More importantly, the power to sell consumptive and and functional value to raise funds presents opportunity to build networks of parties with a desire to fund a common goal. Anyone with access to the Internet can now issue assets in the form of tokens to buyers around the world. The ability to exchange value securely across jurisdictions without third-party clearing mechanisms opens financial markets in an unparalleled manner. By making it increasingly easier to create, disseminate, and trade assets, blockchains impact finance the same way the availability of information on the Internet transformed copyright. Peer-to-peer file sharing platforms on the Internet ultimately led to a re-alignment of the music and media industries. Likewise, the global nature of the Internet in combination with the asset management power of the blockchain has the power to democratize access to capital and unleashing untapped entrepreneurship. Raising funds through ICOs may end up stimulating innovation in sectors that previously had problems accessing capital. For example, the pharmaceutical industry can stand to benefit from an increased investor base when developing experimental drugs that may not be profitable. Social enterprises have much to gain from global cooperation – just this year nearly $1 billion USD was raised in less than a day by millions of individuals who pledged to help rebuild Notre Dame cathedral.

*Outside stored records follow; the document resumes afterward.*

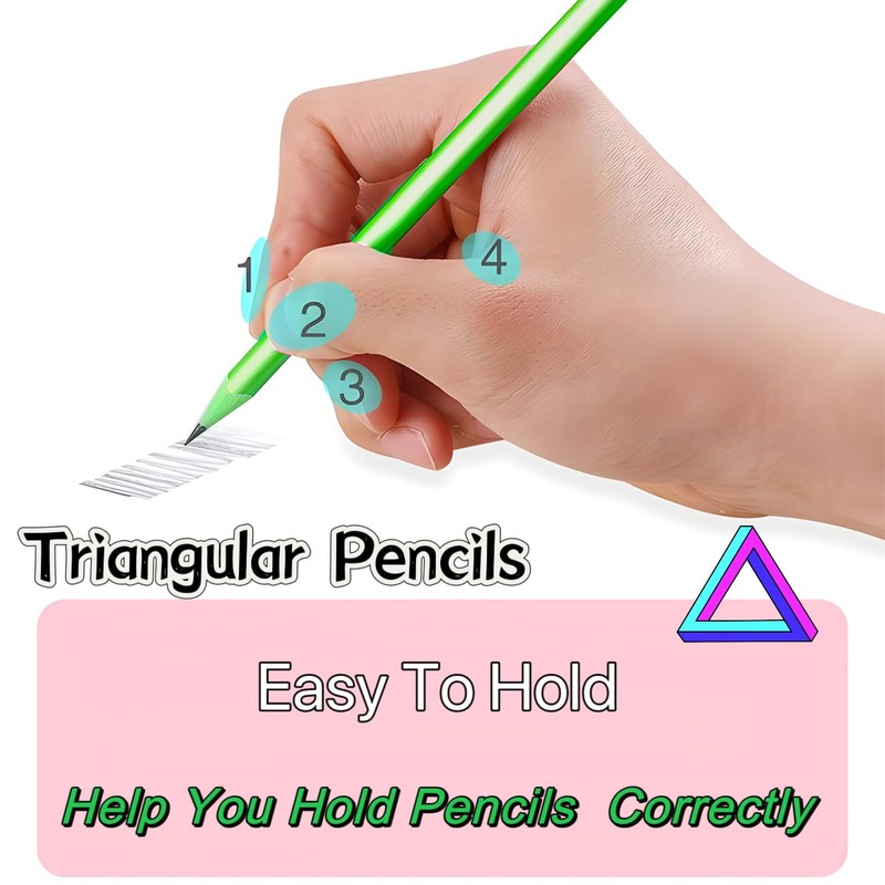 - [Triangular Shaped Pencils, Easy to Hold! Comfortable! Help You Hold a Pencil Correctly!] These triangle pencils were easy to hold and grip. Help you hold a pencil correctly! They are made out of eco-friendly resin, and not wood, So newly recycled PrettyPencils #2. Save a tree, right? These Cute Pencils with erasers come in a pack of 12 count and include a little plastic manual sharpener. Each triangle Pencils sports an eraser on top. Recommend them to anyone with kids learning how to hold a pencil OR adults who just was a comfortable pencils!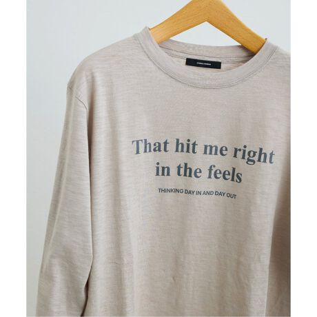 少し透け感のあるスラブ天竺に、ポイントになるロゴをプリントしたロンT。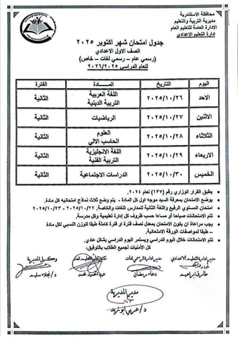 وجاء جدول امتحانات شهر أكتوبر للصف الأول الإعدادي كالتالي:

Although still in the early stages of adoption and experimentation, it is important to investigate the possibilities of blockchain-based funding mechanisms to explore how traditional models can be improved. The future of ICOs is likely to reshape the landscape of open innovation and ultimately change how value is created and exchanged within societal structures. Yet despite these potentials, ICOs do carry significant risks that must be appropriately mitigated to adequately protect consumers. Equally important is a legal infrastructure that can support a broad implementation of cryptocurrency in the financial sector. While blockchain is predicted to revolutionize the global capital market by functioning seamlessly across national borders, there are accompanying legal implications that must also be carefully considered. As the blockchain continues to evolve and disrupt traditional capital raising models, policymakers have an essential role in developing the necessary conditions to create a suitable framework for ICOs to operate safely. Although each jurisdiction differs in its approach, governments and regulatory authorities must continue to balance regulatory clarity and innovative freedom to ensure public and individual interests remain protected.